_TASK DESCRIPTION_.
All of the listing below must be repeated word for word. Pictures are the only thing to omit.

PROVIDED DATA: Begin

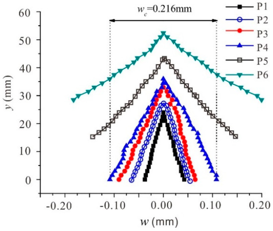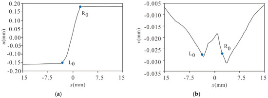 Take the specimen 0.3-3 as an example. Figure 10 represents the displacement of A0B0 along the x and y directions at loading point P5 (Figure 5a). Point L0 and R0 in Figure 10 represent the two boundary points at the jump of transverse displacement. The distance between L0 and R0 in Figure 10a is 0.335 mm, which represents the opening displacement of the crack on line A0B0. The sliding displacement at points L0 and R0 in Figure 10b are –0.0276 mm and 0.02684, respectively. So, the sliding displacement along the crack is much smaller than the transverse displacement, which agrees well with the properties of Mode I fracture [29]. In this way, the opening displacement and sliding displacement on A1B1, A2B2,..., and AnBn can be calculated, and the position of the crack tip can be obtained when the displacement of the inspected line reaches zero. With this method, the crack profile at the characteristic point of specimen 0.3-3 and specimen 0.6-1 are determined, as shown in Figure 11.
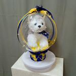 Мягкая игрушка, милый щенок, понравится ребенку любого возраста, а упаковка в шар удивит и добавит интриги. Композиция дополнена мигающей светодиодной подсветкой. По желанию заказчика на шар добавляется наклейка с пожеланием.
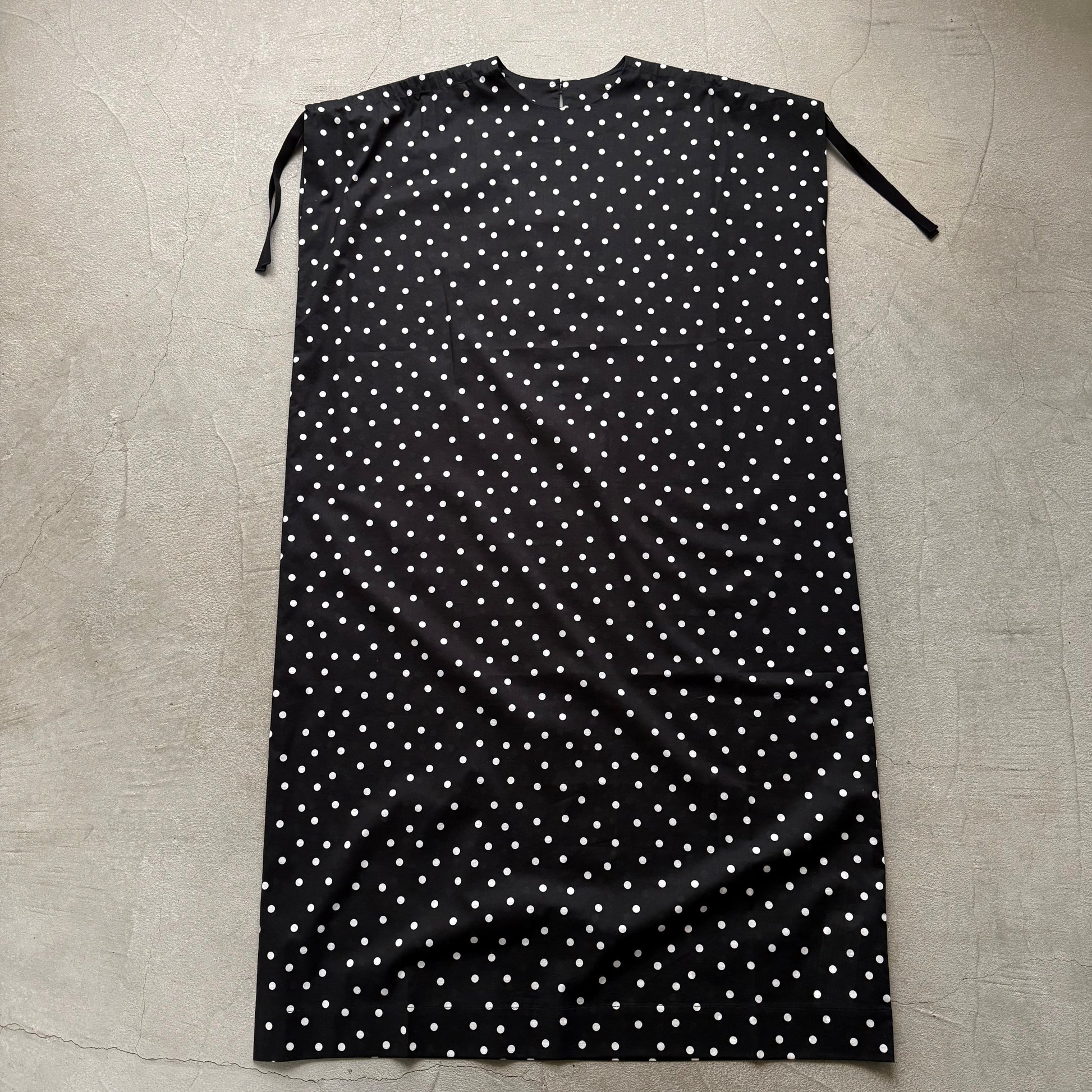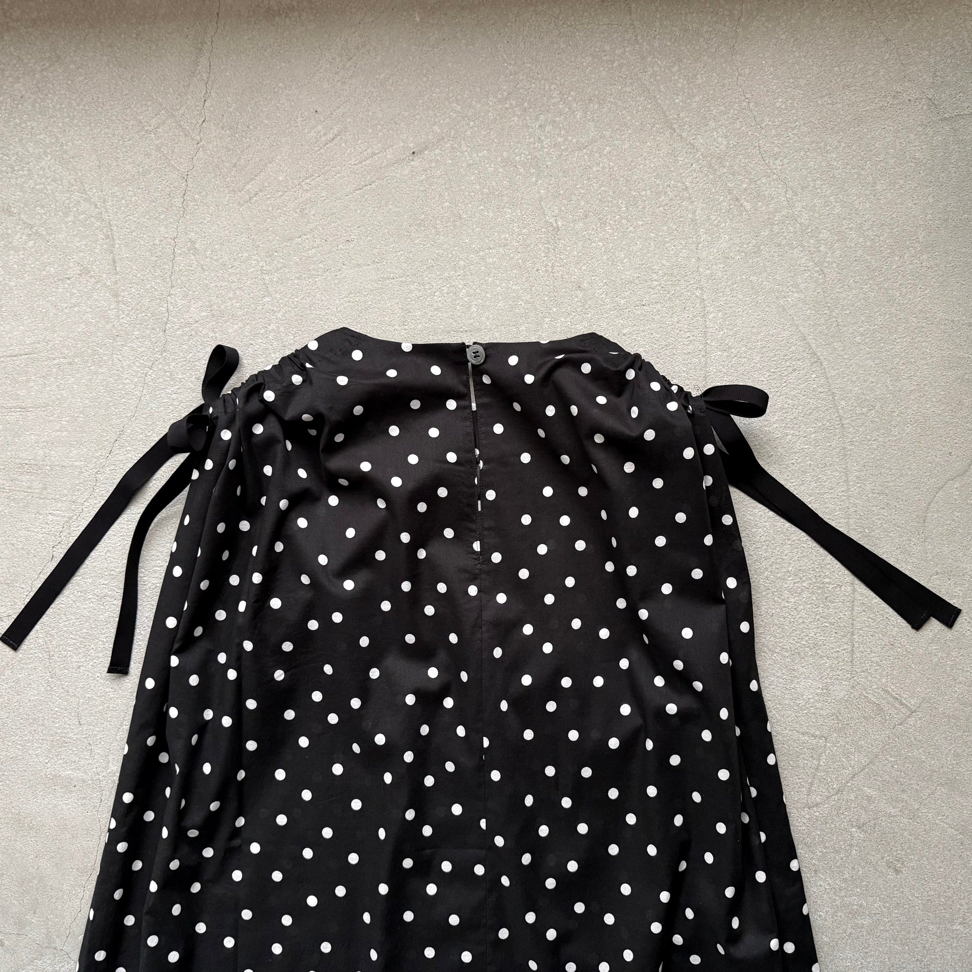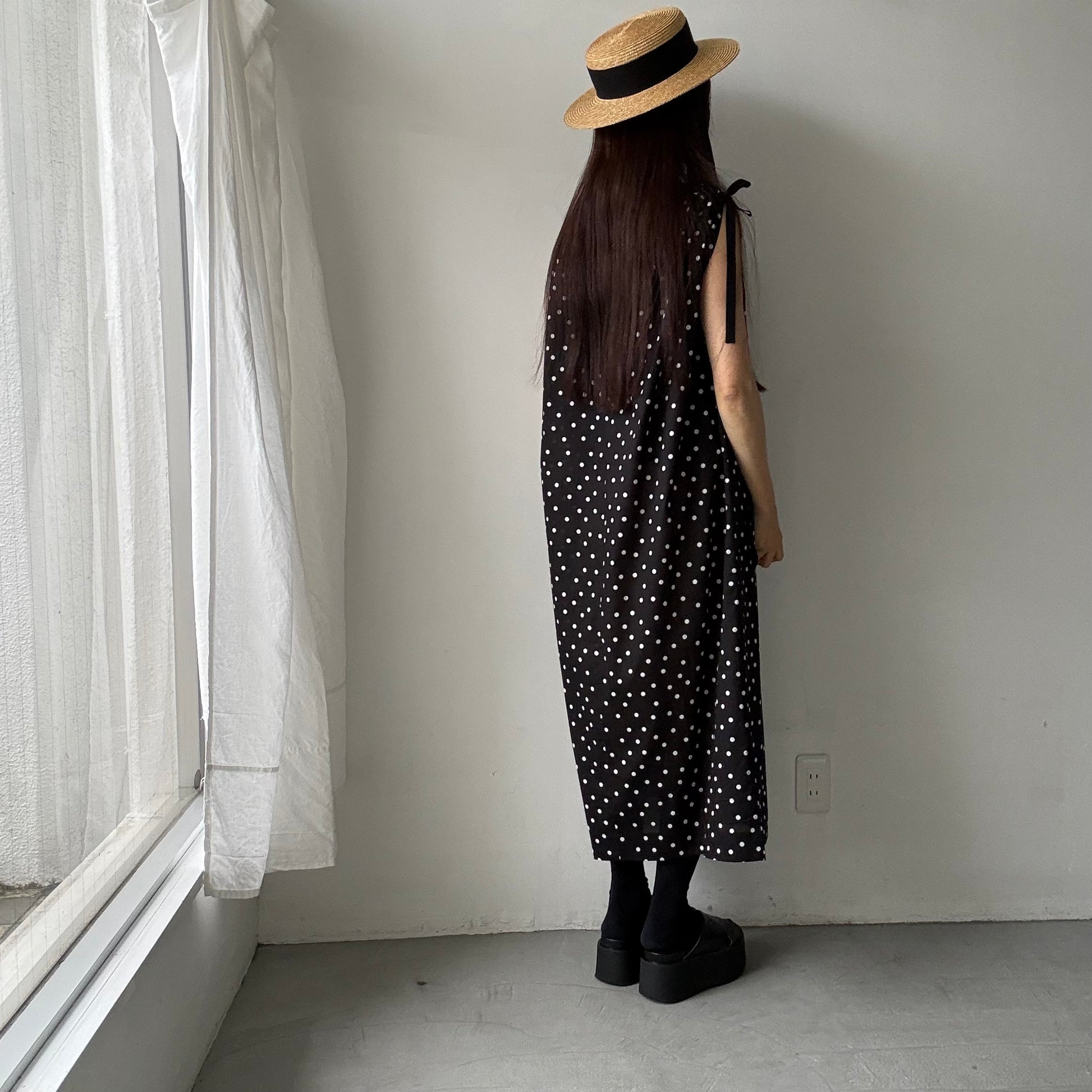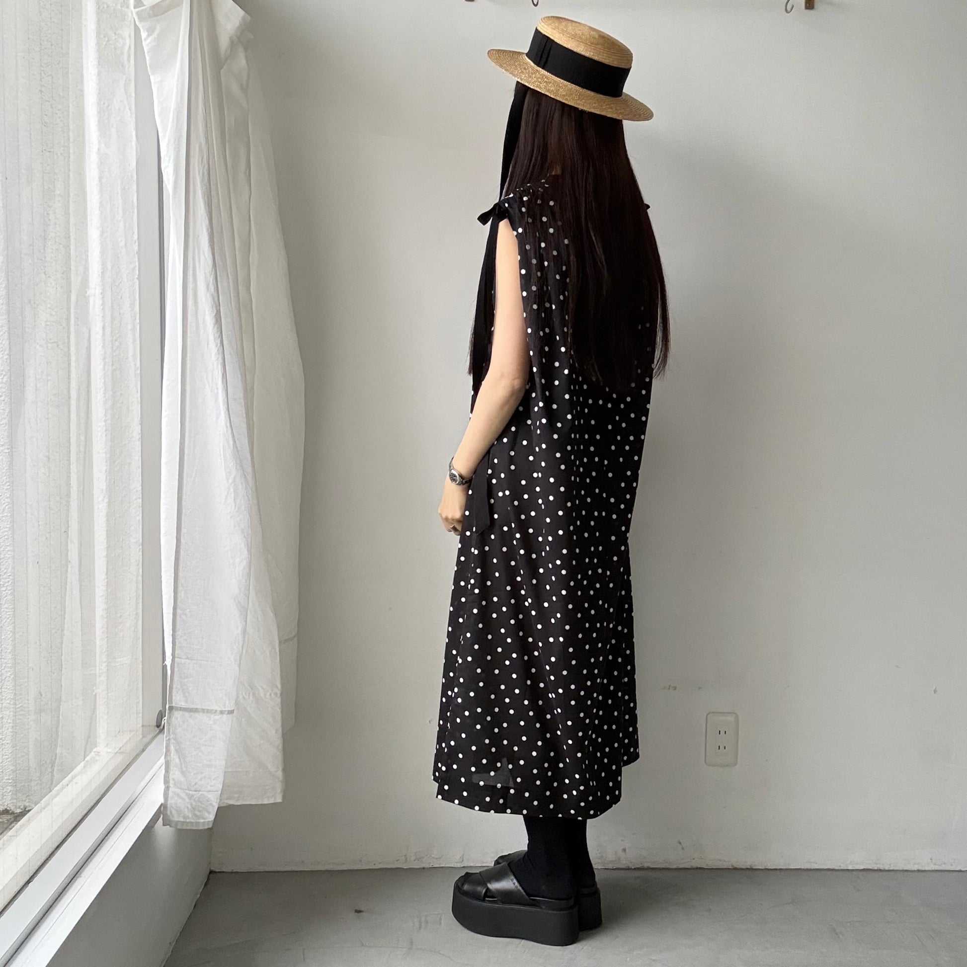 コットン水玉ショルダーリボンワンピース。

PROVIDED DATA: End

_RESULT_.
 Take the specimen 0.3-3 as an example. Figure 10 represents the displacement of A0B0 along the x and y directions at loading point P5 (Figure 5a). Point L0 and R0 in Figure 10 represent the two boundary points at the jump of transverse displacement. The distance between L0 and R0 in Figure 10a is 0.335 mm, which represents the opening displacement of the crack on line A0B0. The sliding displacement at points L0 and R0 in Figure 10b are –0.0276 mm and 0.02684, respectively. So, the sliding displacement along the crack is much smaller than the transverse displacement, which agrees well with the properties of Mode I fracture [29]. In this way, the opening displacement and sliding displacement on A1B1, A2B2,..., and AnBn can be calculated, and the position of the crack tip can be obtained when the displacement of the inspected line reaches zero. With this method, the crack profile at the characteristic point of specimen 0.3-3 and specimen 0.6-1 are determined, as shown in Figure 11.
 Мягкая игрушка, милый щенок, понравится ребенку любого возраста, а упаковка в шар удивит и добавит интриги. Композиция дополнена мигающей светодиодной подсветкой. По желанию заказчика на шар добавляется наклейка с пожеланием.
 コットン水玉ショルダーリボンワンピース。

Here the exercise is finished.